Boy’s shooting raises questions about police crisis training
SALT LAKE CITY — A police shooting that wounded a 13-year-old autistic boy in Salt Lake City is revealing shortfalls in the way officers respond to a mental health crisis, an advocacy group said Wednesday, a part of policing that’s facing renewed scrutiny during nationwide protests over brutality by law enforcement.
Similar questions are being raised in Rochester, New York, following the death of a Black man whose brother called police about his unusual behavior shortly after a mental health evaluation. It comes as demonstrators have urged cities to “defund the police” and shift money to social services instead.
In Utah, the boy survived with serious injuries. He appears to be white based on a photo posted online by his mother, Golda Barton, although police have not provided his race. Barton says she called 911 on Friday night because he was having a breakdown and she needed help from a crisis-intervention officer.
The Salt Lake City officers who came were not specialists in crisis intervention but had some mental health training, and they ended up shooting the boy as he ran away because they believed he made threats involving a weapon, authorities said. There was no indications he had a weapon.

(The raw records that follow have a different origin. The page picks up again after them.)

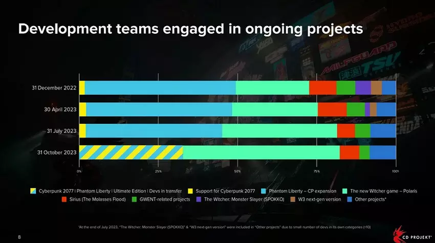 CD Projekt's CFO Piotr Nielubowicz onthulde dat het bedrijf het aantal werknemers dat werkt aan het volgende deel van de The Witcher-franchise verhoogt. Op dit moment zijn er 330 mensen betrokken bij het werk aan de game met de codenaam The Witcher: Polaris, wat meer dan de helft is van het totale aantal ontwikkelaars van CD Projekt team. Dit is meer dan de helft van het totale aantal ontwikkelaars van CD Projekt team. Bovendien wordt verwacht dat tegen het midden van 2024 hun aantal 400 mensen zal overschrijden.
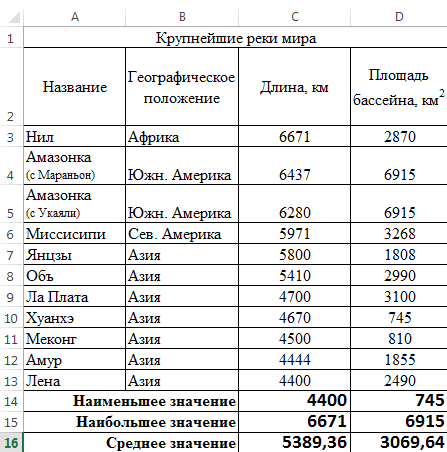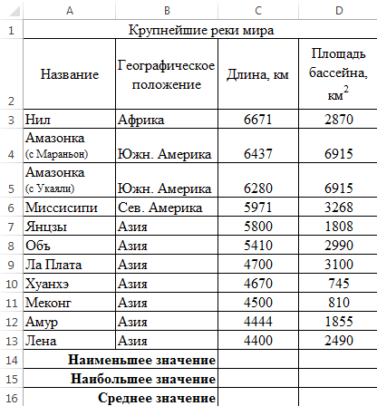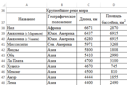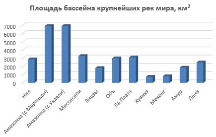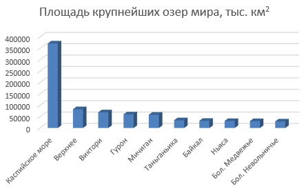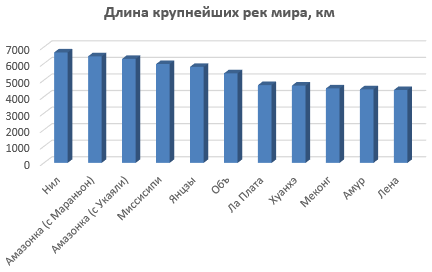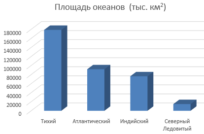 Перейдите на Лист 1. Самостоятельно постройте диаграммы по таблицам Океаны, Крупнейшие озера мира, Крупнейшие реки мира. Где необходимо, измените заголовки.
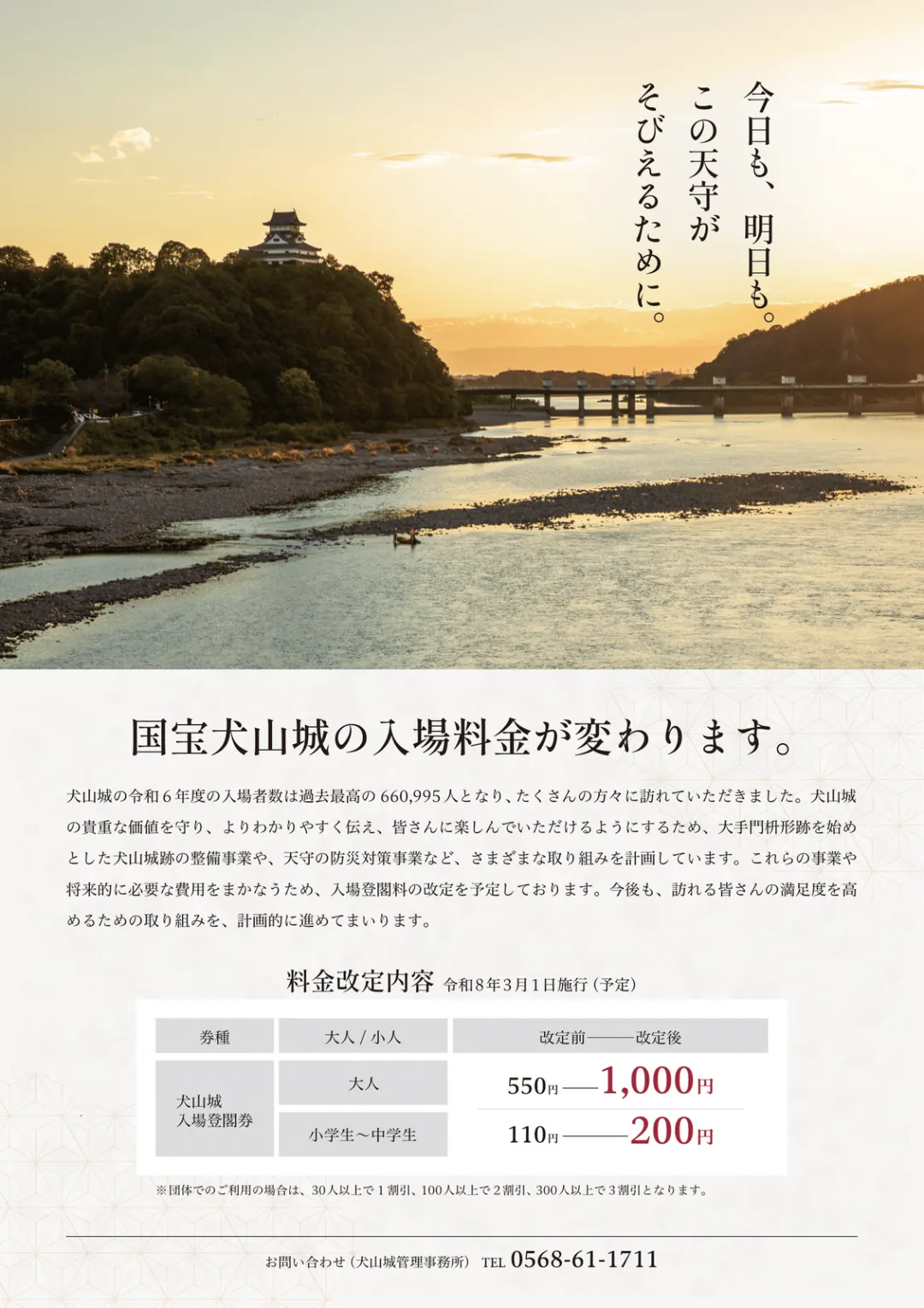 犬山城:3月起,成人门票从550日元涨至1000日元,涨幅接近一倍

An officer trained in crisis response would have handled the situation differently, focusing on deescalation and avoiding shouting or using sirens, which can be disorienting, said Sherri Wittwer, board president of CIT Utah, a nonprofit that provides crisis intervention training for law enforcement.
Justice Dept. push into Trump case could prompt dismissal
WASHINGTON — Attorney General William Barr on Wednesday defended the Justice Department’s move to intervene in a defamation lawsuit against President Donald Trump, even as experts were deeply skeptical of the federal government’s effort to protect the president in a seemingly private dispute.
The Justice Department’s action is “a normal application of the law. The law is clear. It is done frequently,” Barr said at an unrelated news conference in Chicago.
He added, “The little tempest that is going on is largely because of the bizarre political environment in which we live.”
But experts said it’s far from clear that the conduct at issue — whether Trump defamed E. Jean Carroll, a writer who accused him of raping her at a New York luxury department store in the 1990s — has anything to do with his White House duties. The department’s move is likely to have an ancillary benefit for Trump in delaying the case, but administration lawyers have a tough task at hand trying to argue that the president was acting in his official capacity when he denied Carroll’s allegations last year, experts say.
“I wouldn’t make such an argument, and if a president approached me, I would say, ‘Don’t,’” said Stuart Gerson, who led the Justice Department’s Civil Division in President George H.W. Bush’s administration when Barr was attorney general for the first time.